1. RAW264.7 macrophage inflammatory response assay:
- RAW264.7 cells were cultured in DMEM medium with 10% FBS, 100 U/ml penicillin, and 100 μg/ml streptomycin, maintained at 37°C in 5% CO₂ [2]
- Cells (5×10⁵ cells/well, 24-well plate) were pre-treated with Dimemorfan phosphate (0.1-10 μM) for 1 hour, then stimulated with LPS (1 μg/ml) for 24 hours [2]
- Cytokine detection: Culture supernatant was collected, and TNF-α/IL-6 levels were measured by sandwich ELISA; detection wavelength 450 nm, concentrations calculated via standard curves [2]
- mRNA analysis: Total RNA was extracted from cells, reverse-transcribed to cDNA, and TNF-α mRNA levels were quantified by RT-PCR (primers specific for murine TNF-α and GAPDH, internal control) [2]
2. Human neutrophil chemotaxis and superoxide assay:
- Human neutrophils were isolated from peripheral blood via density gradient centrifugation (Ficoll-Paque), resuspended in HBSS buffer [2]
- Chemotaxis assay: Neutrophils (1×10⁶ cells/ml) were added to the upper chamber of a transwell plate; fMLP (10⁻⁷ M, chemoattractant) and Dimemorfan phosphate (1-30 μM) were added to the lower chamber [2]
- After 1 hour incubation, migrated cells in the lower chamber were counted by hemocytometer; chemotaxis index = (migrated cells with drug)/(migrated cells without drug) [2]
- Superoxide assay: Neutrophils were loaded with lucigenin (5 μM) for 10 minutes, stimulated with fMLP (10⁻⁷ M) ± Dimemorfan phosphate (30 μM), and chemiluminescence was measured for 10 minutes to assess superoxide production [2]
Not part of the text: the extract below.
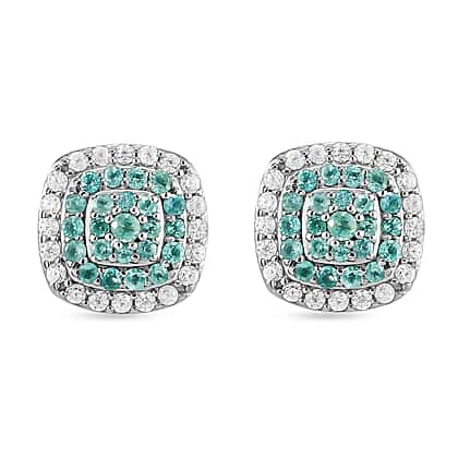 Alexandrite and Natural Cambodian Zircon Stud Earrings in Platinum Plated Sterling Silver
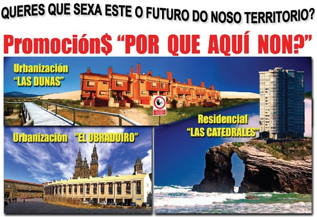 Baixo o lema O noso territorio, a nosa identidade pretenden denunciar a través dunha performance as consecuencias do urbanismo depredador e das políticas insustentábeis de ordenación territorial, escenificando a venda dunhas promocións urbanísticas en lugares emblemáticos do país.

1. BAY k-8644-induced seizure experiment ([1]):
- Animals: Male ICR mice (20-25 g), housed under 12 h light/dark cycle, ad libitum food/water [1]
- Drug preparation: Dimemorfan phosphate was dissolved in 0.9% saline; BAY k-8644 was dissolved in a mixture of DMSO:saline (1:9, v/v) [1]
- Treatment groups: Control (saline, i.p.), Dimemorfan phosphate 1/3/10 mg/kg (i.p.), and positive control (diazepam 1 mg/kg, i.p.) [1]
- Administration timing: Dimemorfan phosphate was injected 30 minutes before BAY k-8644 (1 mg/kg, i.p.); oral group received 20 mg/kg Dimemorfan phosphate 60 minutes pre-BAY k-8644 [1]
- Observation: Seizure incidence (percentage of mice with tonic-clonic seizures), latency (time from BAY k-8644 to first seizure), and duration (total seizure time) were recorded for 30 minutes [1]
2. LPS-induced endotoxin shock experiment ([2]):
- Animals: Male C57BL/6 mice (20-22 g), SPF housing conditions [2]
- Drug preparation: Dimemorfan phosphate was dissolved in 0.9% saline; LPS was dissolved in saline [2]
- Treatment groups: Control (saline, i.p.), LPS alone (20 mg/kg, i.p.), LPS + Dimemorfan phosphate 1/3 mg/kg (i.p.) [2]
- Administration timing: Dimemorfan phosphate was injected 1 hour before LPS; survival was recorded every 6 hours for 24 hours [2]
- Sample collection: At 24 hours post-LPS, mice were euthanized; serum was collected for cytokine (TNF-α/IL-6) detection via ELISA; lung tissue was harvested for wet/dry weight ratio measurement and myeloperoxidase activity assay [2]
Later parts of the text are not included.